Engineering firm Aker Solutions is taking measures to mitigate the effects of activity slowdown due to the COVID-19 outbreak and plummet in oil price, involving temporary layoffs, freezing salaries on all levels, accelerating cost-saving initiatives, and significantly reducing investments.

The company said it expects its revenues will decline by a minimum of 20 percent compared to the outlook at end of 2019.

Aker Solutions has demobilized about 3,000 people in Norway, including 700 non-Nordic contractors from Egersund and Sandnessjøen; submitted notice of potential need for temporary layoffs to up to 6,000 employees in Norway; and also temporary laid off 400 employees in Norway and 250 employees in UK, as per April 1.

“The first months of 2020 have been unlike anything we have previously experienced. The COVID-19 pandemic, coupled with the sharp drop in demand for oil and gas, has caused significant disruption to the global economy and left societies around the world grappling with new ways of working and living.

“The global energy sector has been hit particularly hard, and at Aker Solutions we are doing our utmost to mitigate the effects for employees, customers, shareholders and other stakeholders worldwide,” said Luis Araujo, chief executive officer of Aker Solutions.

Before the COVID-19 pandemic, the company had already introduced cost-saving initiatives in key segments, including subsea, in order to address the overall cost base. The company is now accelerating and deepening these efforts.

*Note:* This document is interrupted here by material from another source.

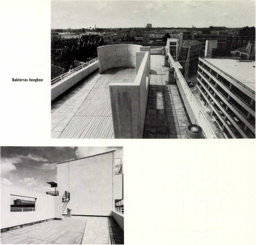 De galerijen hebben een dak gekregen dat uit dezelfde elementen is opgebouwd als de galerij zelf: betonnen platen opgelegd op consoles. Door dit massieve dak worden de galerijen sterke plastische elementen in de noordgevel. Het is alsof ze er als kokers tegenaan zijn gehangen. Ook is er hierdoor een sterk besloten karakter ontstaan, dat nog versterkt wordt door de balusters van het hekwerk die over de volle galerijhoogte doorlopen. Het vreemde aan deze opbouw van het galerijdak is dat op de galerij zelf de indruk wordt gewekt dat de volgende verdieping een eigen ontsluiting heeft. En dit is dank zij de slimme stapeling van de woningen nu juist niet het geval.

The initiatives aim to cut the company’s fixed cost level by a total, of at least NOK 750 million on an annualized basis by:

  • Consolidation of the subsea tree production to Brazil and Malaysia. This means the Tranby site outside Oslo, Norway will no longer produce subsea trees after 2020 – effectively removing market capacity of about 60 subsea tree equivalents per year.
  • At the subsea plants in Port Klang (Malaysia) and Curitiba (Brazil), manning will be reduced to strengthen the plant’s competitive position and adapt to the forecasted demand
  • A program for substantial reduction of overhead personnel and costs across all regions has been initiated
  • Early retirement initiatives
  • CEO, Executive and Senior Management: Salary freeze, and no variable pay scheme for 2020.
  • General population: Salary freeze, and no variable pay schemes.

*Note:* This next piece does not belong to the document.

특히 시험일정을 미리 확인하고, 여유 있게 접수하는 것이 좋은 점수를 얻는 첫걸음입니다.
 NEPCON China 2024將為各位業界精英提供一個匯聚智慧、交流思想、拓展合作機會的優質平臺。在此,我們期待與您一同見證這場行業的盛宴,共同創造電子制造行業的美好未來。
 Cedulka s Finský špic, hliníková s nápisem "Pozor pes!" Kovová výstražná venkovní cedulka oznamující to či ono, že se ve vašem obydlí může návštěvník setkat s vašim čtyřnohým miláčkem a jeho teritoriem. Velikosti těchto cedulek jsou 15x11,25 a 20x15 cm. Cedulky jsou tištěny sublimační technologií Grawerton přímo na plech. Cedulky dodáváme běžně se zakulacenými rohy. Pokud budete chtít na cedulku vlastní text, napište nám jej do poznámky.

“While it is too early to predict the long-term impact on financial markets and industrial activity level, the current market situation is expected to have an adverse impact on both activity, financial performance and structure of Aker Solutions in 2020,” said Araujo. “A large part of the planned project sanctioning activity in the oil industry will most likely be postponed or cancelled in 2020 unless governments are introducing significant fiscal stimulation to aid in the recovery.”

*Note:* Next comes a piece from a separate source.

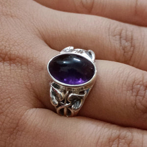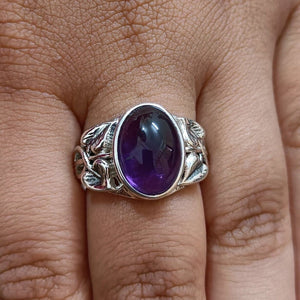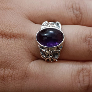 Amethyst Sterling Silver Ring Handmade Statement Natural Purple Gemstone Boho Gift for her Birthday Anniversary Christmas Valentine's Day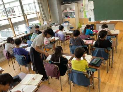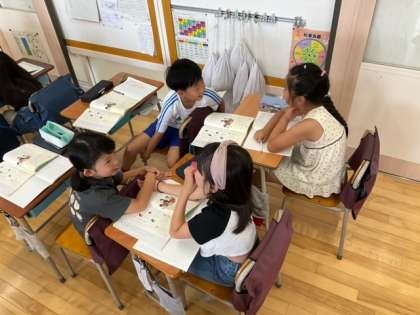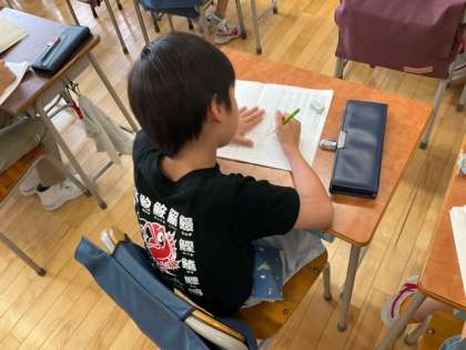 国語の時間です。「もっと知りたい、友だちのこと」話題を決めて、台本を書いています。

In addition, the investment level will be significantly reduced in 2020, from the original plan of about NOK 750 million to about NOK 500 million.

The company will continue to assess the need for additional manning and capacity adjustments including potential closures of production and office locations.

One-off restructuring costs of about NOK 150 million and impairments of around NOK 500 million are expected to be booked in the first quarter of 2020 as a result of these initiatives. Further restructuring cost may occur in later quarters.